To resolve issues where image processing failed on fresh installs (due to missing sharp), OpenClaw has centralized media helpers into media-services. This introduces a Sharp-first backend chain with fallbacks to sips, Windows native imaging, ImageMagick, GraphicsMagick, and ffmpeg.

Vision capabilities were also expanded:

Inbound Image Hydration: Fixed a bug where the Codex app-server dropped inbound image attachments; it now correctly hydrates MediaPath into queued followup images.
Ollama Integration: Native PI runs now properly resolve Telegram image media into image blocks for Ollama vision models, preventing the model from silently ignoring visual context.

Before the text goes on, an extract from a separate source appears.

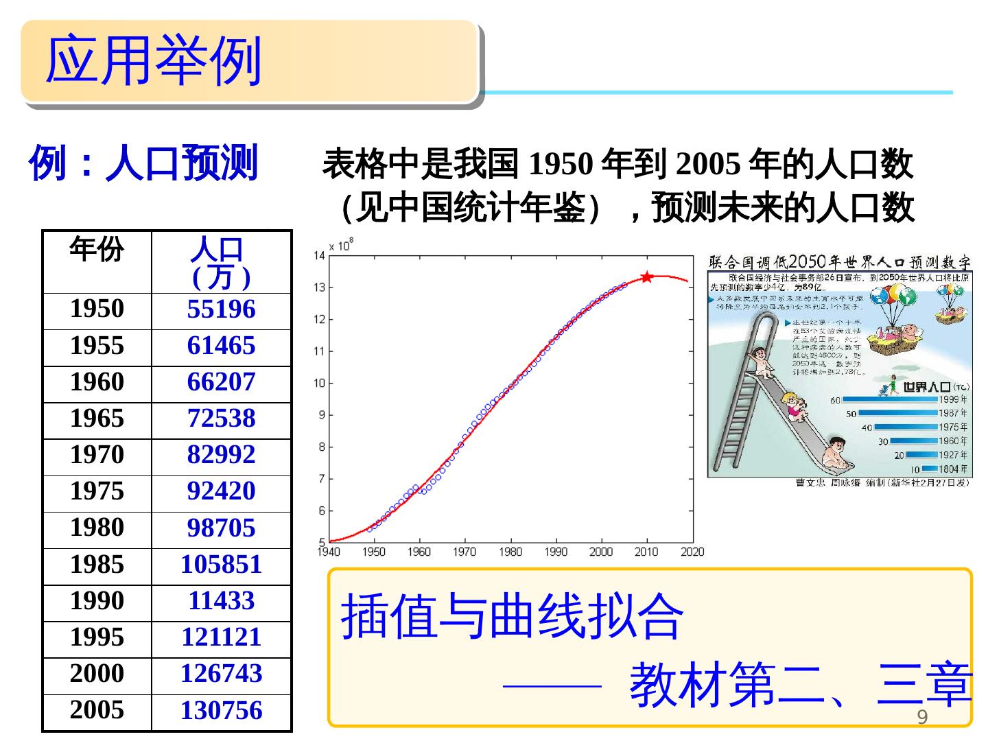 9 .应用举例 9 例:人口预测 表格中是我国 1950 年到 2005 年的人口 数 ( 见中国统计年鉴 ),预测 未来的人口数 年份 人口 ( 万 ) 1950 55196 1955 61465 1960 66207 1965 72538 1970 82992 1975 92420 1980 98705 1985 105851 1990 11433 1995 121121 2000 126743 2005 130756 插值 与 曲线拟合 —— 教材第二、三章

Gateway Performance and Tooling

Gateway startup latency was reduced by overlapping independent work (such as startup logging and plugin service initialization) before the ready state is returned. To maintain these gains, a new Gateway restart benchmark tool (pnpm test:restart:gateway) was added to provide machine-readable evidence of restart readiness and resource slopes.

Impact

These changes collectively resolve several high-severity pain points for power users and operators:

Reduced Hallucinations: By separating prompt surfaces and fixing image hydration, models are less likely to confabulate visual observations or follow irrelevant runtime instructions.
Improved Reliability: The fixes for Discord voice and Telegram spooling eliminate "silent failures" where the bot appears healthy but stops responding to user input.
Developer Experience: The addition of restart benchmarking and the fix for code_mode stalling provide operators with better visibility and more predictable behavior during agent evaluation.
Security and Connectivity: The fix for sandbox egress ensures that research agents can maintain necessary outbound network access without compromising the security of the sandbox environment.